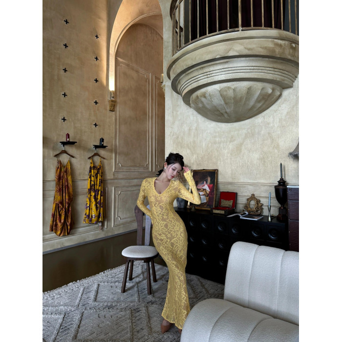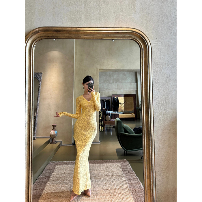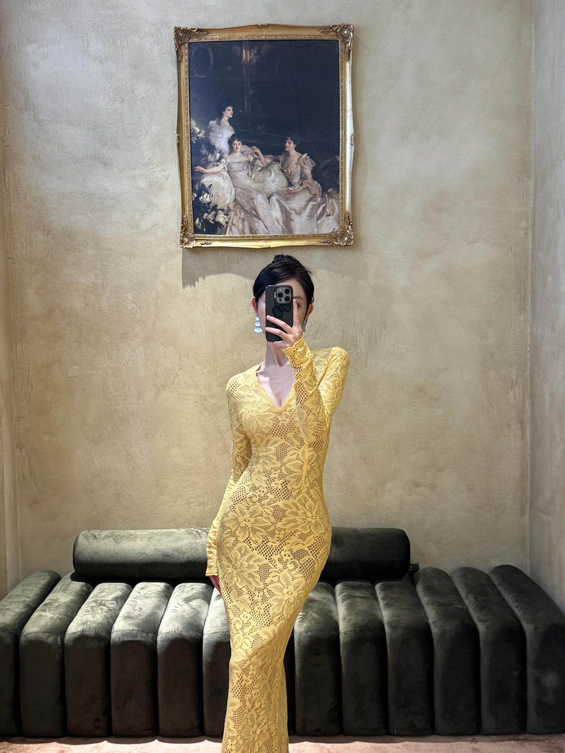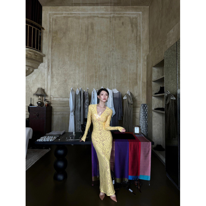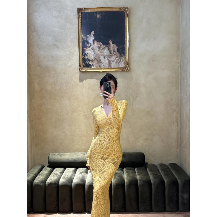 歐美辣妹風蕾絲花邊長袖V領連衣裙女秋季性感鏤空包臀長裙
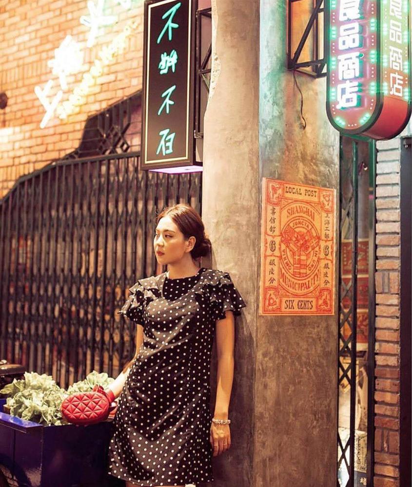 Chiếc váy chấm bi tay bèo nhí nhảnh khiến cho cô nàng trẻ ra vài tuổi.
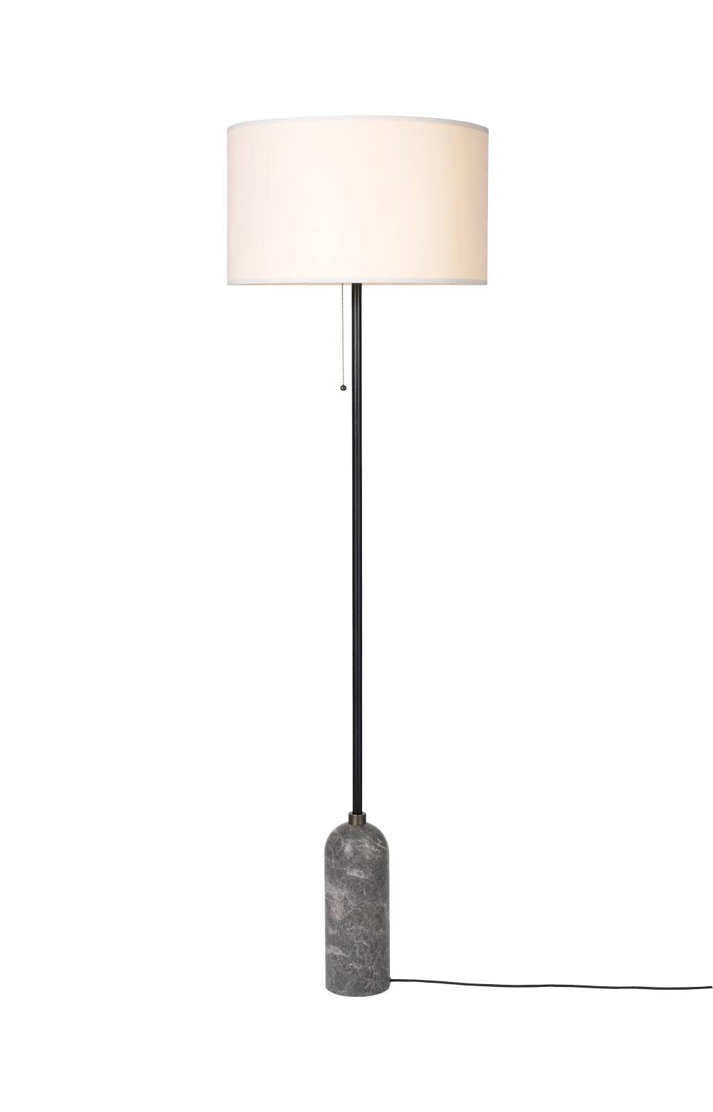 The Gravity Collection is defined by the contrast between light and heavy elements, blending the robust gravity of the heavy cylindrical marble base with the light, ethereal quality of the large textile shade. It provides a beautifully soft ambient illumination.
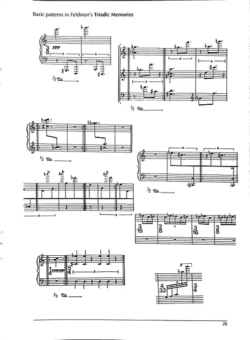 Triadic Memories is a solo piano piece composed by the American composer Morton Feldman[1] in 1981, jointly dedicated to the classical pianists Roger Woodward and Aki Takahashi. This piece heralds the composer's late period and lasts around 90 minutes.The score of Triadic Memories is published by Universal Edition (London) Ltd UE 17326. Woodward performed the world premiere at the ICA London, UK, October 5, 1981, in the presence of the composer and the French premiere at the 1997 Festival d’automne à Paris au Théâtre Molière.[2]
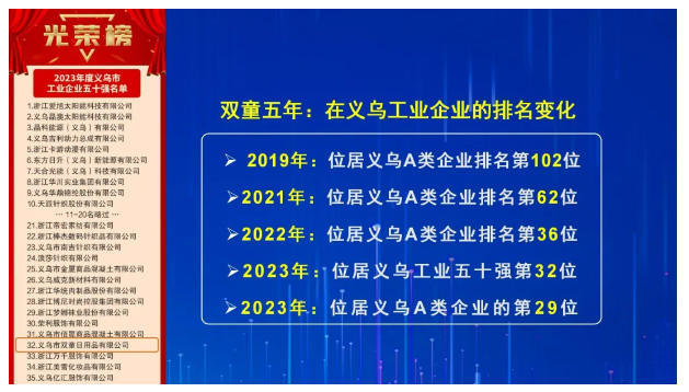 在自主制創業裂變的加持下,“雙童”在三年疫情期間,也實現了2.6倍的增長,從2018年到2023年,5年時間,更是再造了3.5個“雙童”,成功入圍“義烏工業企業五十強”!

+ + + +

Description of the task: Your task is to set down each line above verbatim while excluding the pictures.

Answer for the task:
 歐美辣妹風蕾絲花邊長袖V領連衣裙女秋季性感鏤空包臀長裙
 Chiếc váy chấm bi tay bèo nhí nhảnh khiến cho cô nàng trẻ ra vài tuổi.
 The Gravity Collection is defined by the contrast between light and heavy elements, blending the robust gravity of the heavy cylindrical marble base with the light, ethereal quality of the large textile shade. It provides a beautifully soft ambient illumination.
 Triadic Memories is a solo piano piece composed by the American composer Morton Feldman[1] in 1981, jointly dedicated to the classical pianists Roger Woodward and Aki Takahashi. This piece heralds the composer's late period and lasts around 90 minutes.The score of Triadic Memories is published by Universal Edition (London) Ltd UE 17326. Woodward performed the world premiere at the ICA London, UK, October 5, 1981, in the presence of the composer and the French premiere at the 1997 Festival d’automne à Paris au Théâtre Molière.[2]
 在自主制創業裂變的加持下,“雙童”在三年疫情期間,也實現了2.6倍的增長,從2018年到2023年,5年時間,更是再造了3.5個“雙童”,成功入圍“義烏工業企業五十強”!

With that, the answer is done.